I’ve used HTML Tidy for a looooong time and have always loved its power.
Need to clean out the crap older versions of MS Word tosses in when you save a document as HTML? Tidy to the rescue. Need to check HTML syntax, correctness, or proper authoring practices? Tidy’s your tool. Want to just get a human-readable, nicely indented file from SGML/HTML/XML input?
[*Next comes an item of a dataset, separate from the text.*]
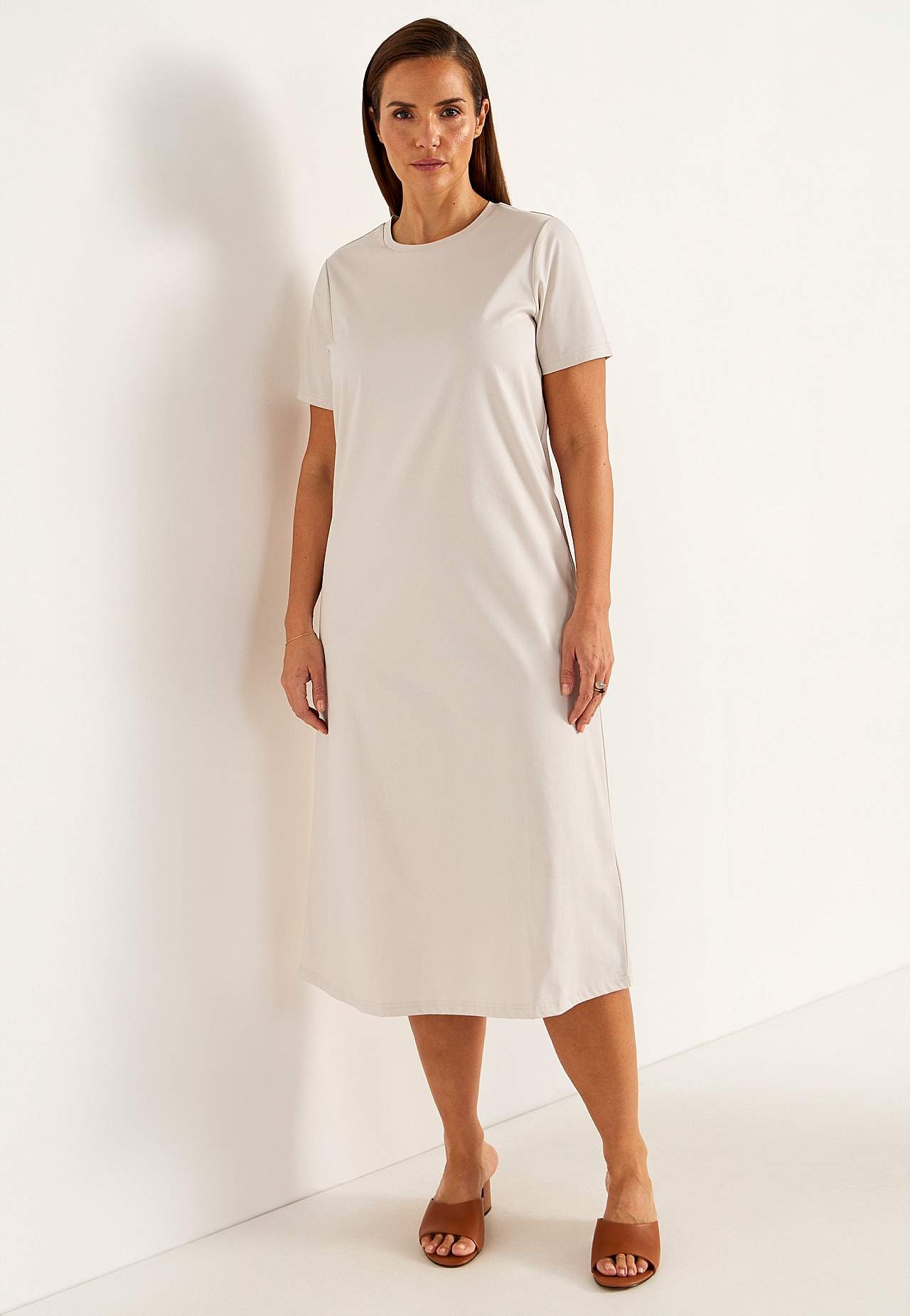 Stylowa sukienka T-shirtowa z wytrzymałej bawełny merceryzowanej. Bawełna merceryzowana została poddana specjalnej obróbce, która zwiększa jej połysk, trwałość i poprawia zdolność do wchłaniania kolorów. Dzięki tej obróbce odzież nie kurczy się i zachowuje swój kolor i kształt po każdym praniu. Przestronny fason. Ładna góra... Czytaj więcej

Tidy’s just the thing.
Tidy’s long had the ability to convert HTML, even files which aren’t well-formed, into XML. That’s a pretty sweet feature, and newer versions of Tidy will even spit out lovely XHTML.
Tidy’s got billions of handy config options, like getting all those stinky elements properly indented or wrapping text automatically at a specific column.
I just grabbed the latest Win32 version this morning as part of some work I’m doing converting badly structured HTML into XML as part of a migration to DocBook format.
In a very, very weird karmic wheel of life experience I’m once again working on a technical manual viewer — awfully similar to the Air Force Common Viewer I worked on nearly a decade ago. But I digress. (Which is a frequent occurance around here, but I digress further yet.)
To the point: Grab Tidy if you’re ever in need of checking or manipulating XML or HTML files. It’s a sweet little tool. It’s awfully simple to use, but I see there are even GUI front ends for it if you feel the need.